** Data section **
---

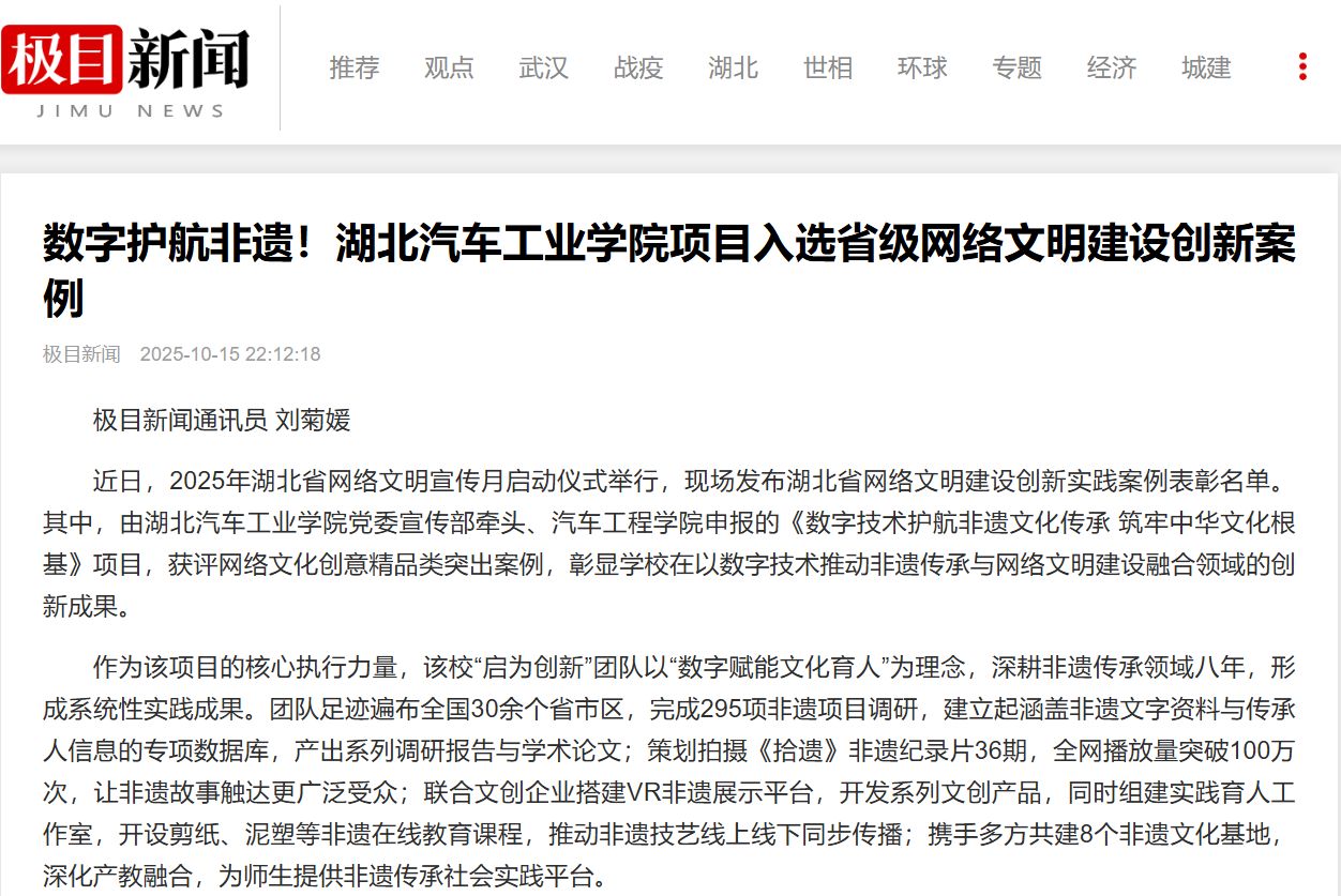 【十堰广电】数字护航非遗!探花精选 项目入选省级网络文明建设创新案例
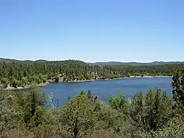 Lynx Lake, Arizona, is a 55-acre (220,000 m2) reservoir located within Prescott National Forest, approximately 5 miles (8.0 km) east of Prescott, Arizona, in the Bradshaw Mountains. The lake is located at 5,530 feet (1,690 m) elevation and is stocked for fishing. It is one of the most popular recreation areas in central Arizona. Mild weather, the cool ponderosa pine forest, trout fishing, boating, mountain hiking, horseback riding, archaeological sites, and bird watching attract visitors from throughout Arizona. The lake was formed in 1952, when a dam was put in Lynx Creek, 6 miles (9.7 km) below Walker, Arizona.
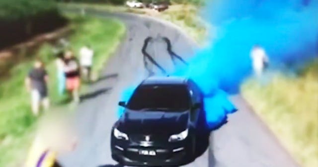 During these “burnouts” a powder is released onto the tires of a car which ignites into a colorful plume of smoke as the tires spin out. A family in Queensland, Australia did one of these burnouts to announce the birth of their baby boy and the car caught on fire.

---

** Assignment **
What you give back should be exactly the lines from the top of the data above down to and including the line with "Lynx Lake, Arizona, is", minus any pictures.

** Output **
 【十堰广电】数字护航非遗!探花精选 项目入选省级网络文明建设创新案例
 Lynx Lake, Arizona, is a 55-acre (220,000 m2) reservoir located within Prescott National Forest, approximately 5 miles (8.0 km) east of Prescott, Arizona, in the Bradshaw Mountains. The lake is located at 5,530 feet (1,690 m) elevation and is stocked for fishing. It is one of the most popular recreation areas in central Arizona. Mild weather, the cool ponderosa pine forest, trout fishing, boating, mountain hiking, horseback riding, archaeological sites, and bird watching attract visitors from throughout Arizona. The lake was formed in 1952, when a dam was put in Lynx Creek, 6 miles (9.7 km) below Walker, Arizona.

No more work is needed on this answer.